**WORK INSTRUCTION**. Set the listing down unchanged, minus every embedded image.

**DATA SHOWN**.
══════
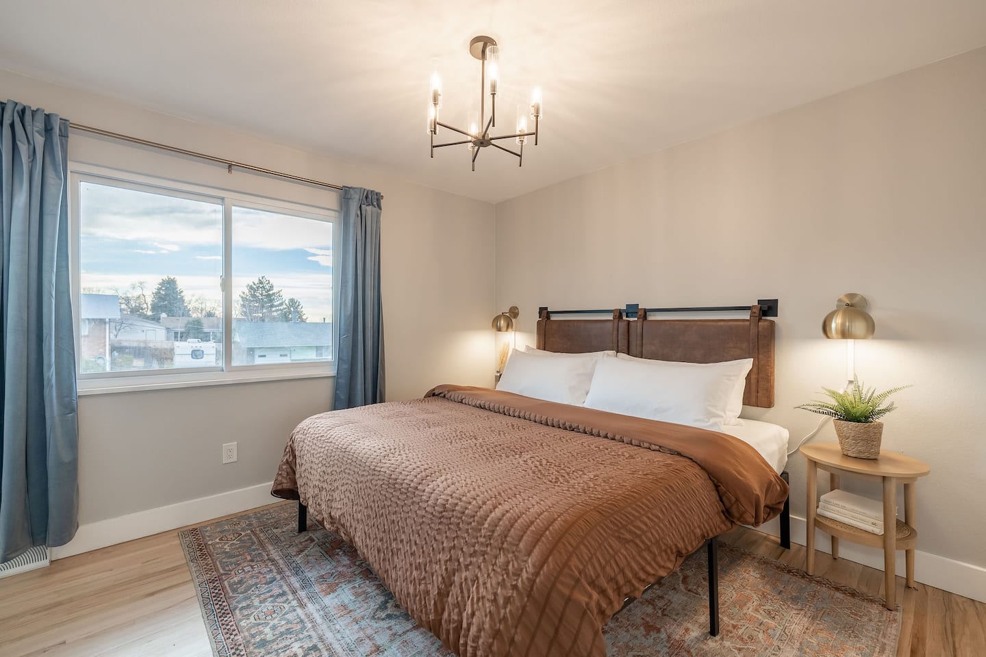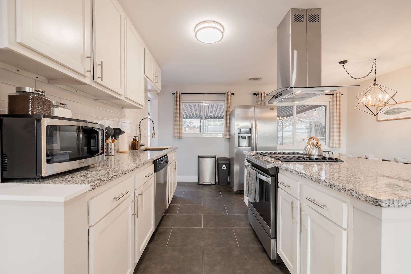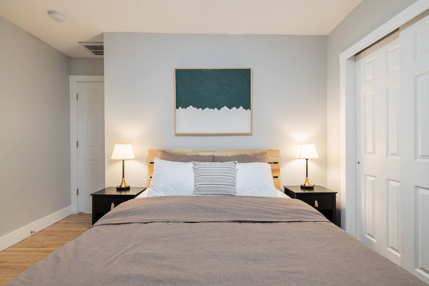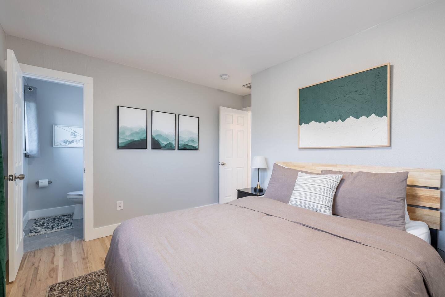 The fully equipped kitchen includes stainless steel appliances, a coffee maker, and all the basics you need to prepare your favorite meals. Gather around the spacious dining table for shared breakfasts before exploring Denver or evenings filled with laughter and comfort food.
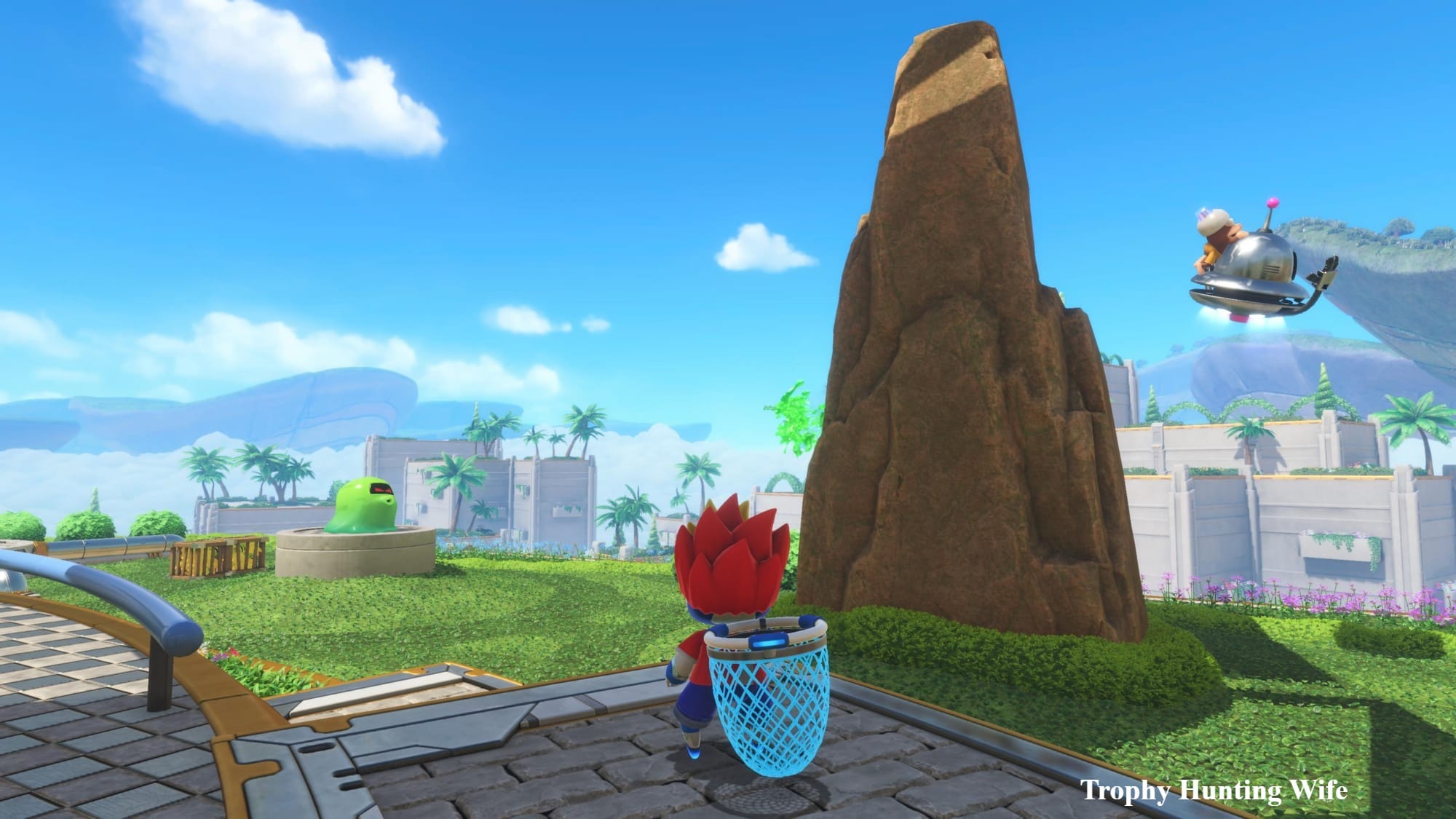 Bot Ten: Hop on the railing of the statue in the middle of the area where you will need to defeat enemies. Catch him with the net.
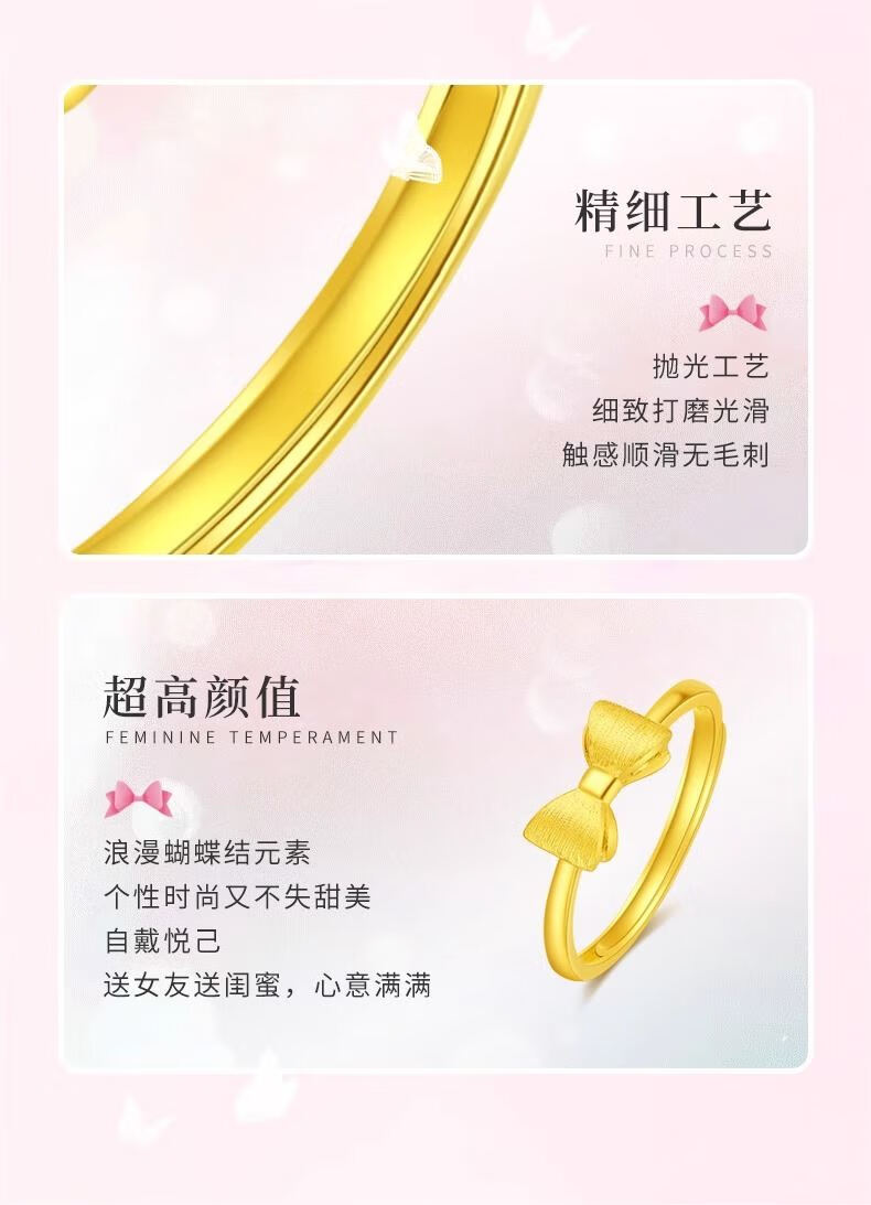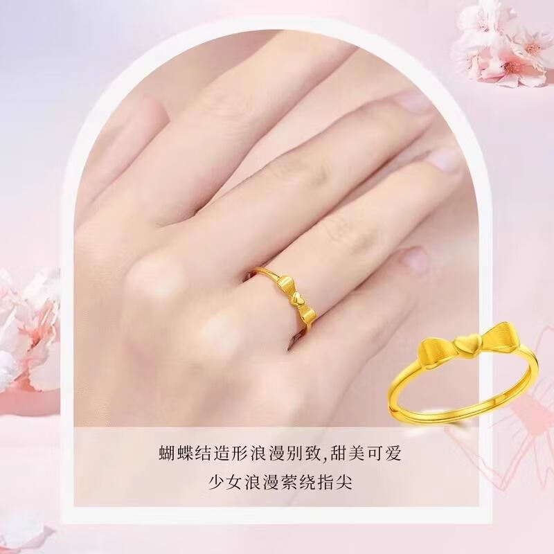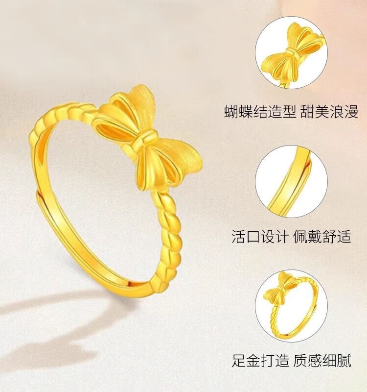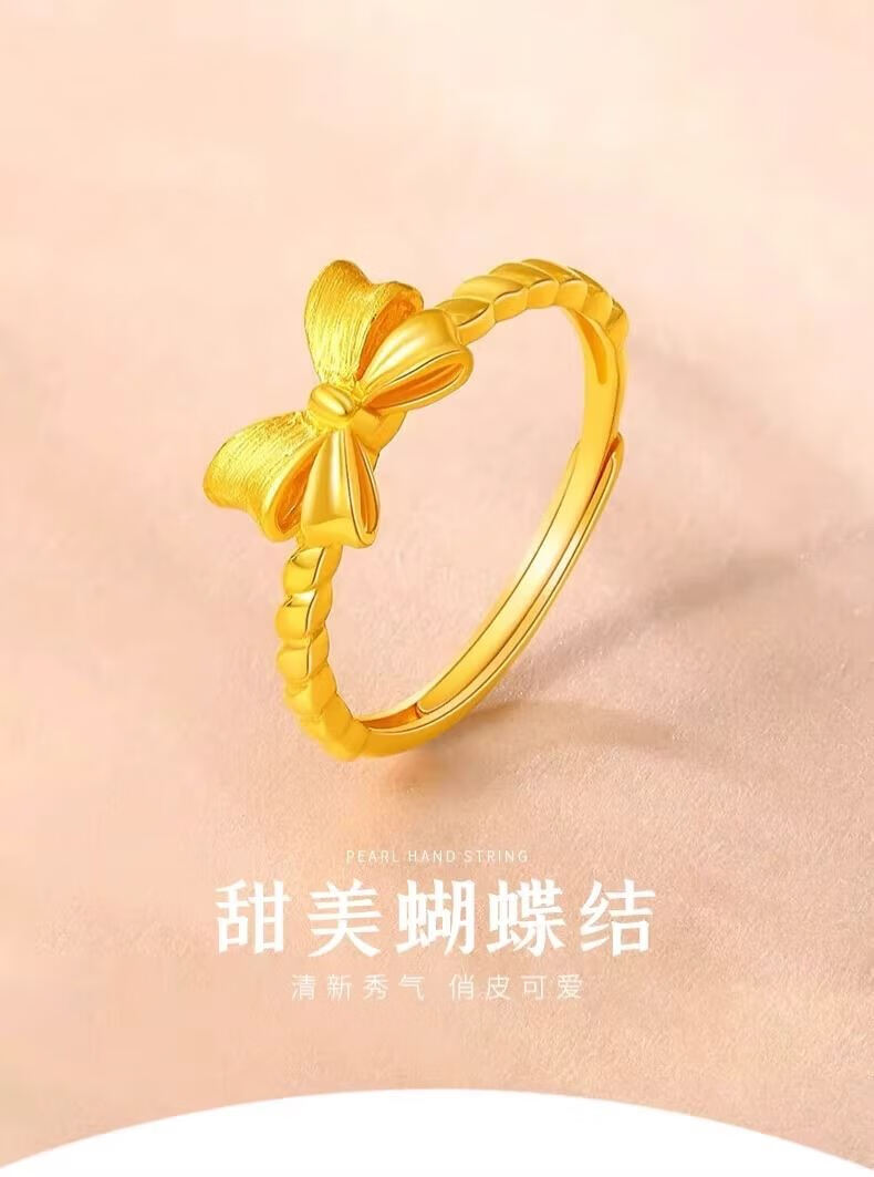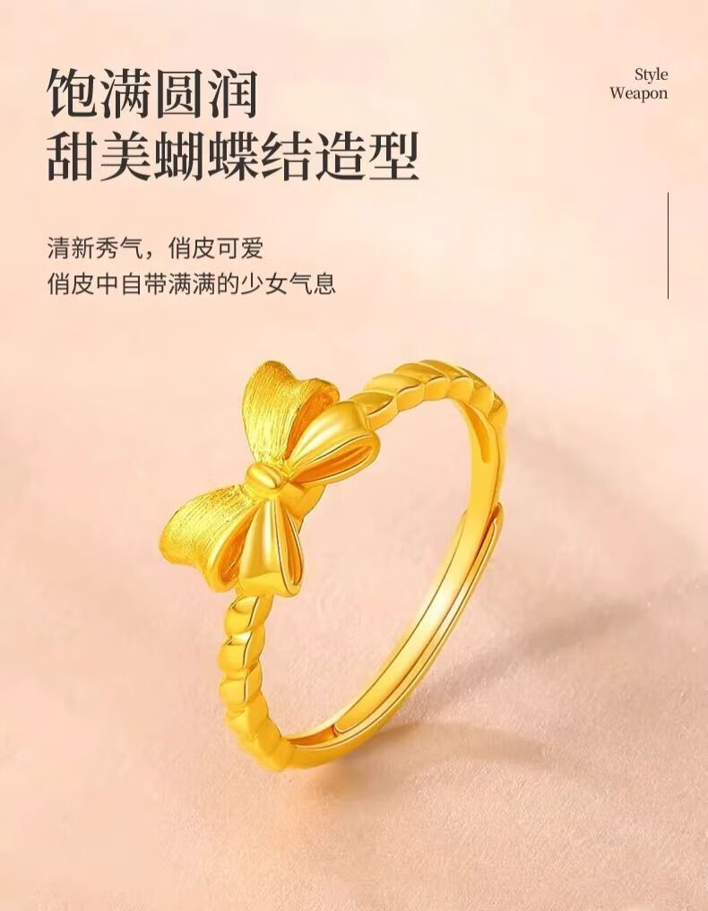 Jea.Pie Boutique Bow Gold Ring Women's Gold Filled Silver Adjustable Gold Solid Silver Ring Valentine's Day Twist Bow Ring (0.6g) Opening Adjustable
══════
**REPLY**.
 The fully equipped kitchen includes stainless steel appliances, a coffee maker, and all the basics you need to prepare your favorite meals. Gather around the spacious dining table for shared breakfasts before exploring Denver or evenings filled with laughter and comfort food.
 Bot Ten: Hop on the railing of the statue in the middle of the area where you will need to defeat enemies. Catch him with the net.
 Jea.Pie Boutique Bow Gold Ring Women's Gold Filled Silver Adjustable Gold Solid Silver Ring Valentine's Day Twist Bow Ring (0.6g) Opening Adjustable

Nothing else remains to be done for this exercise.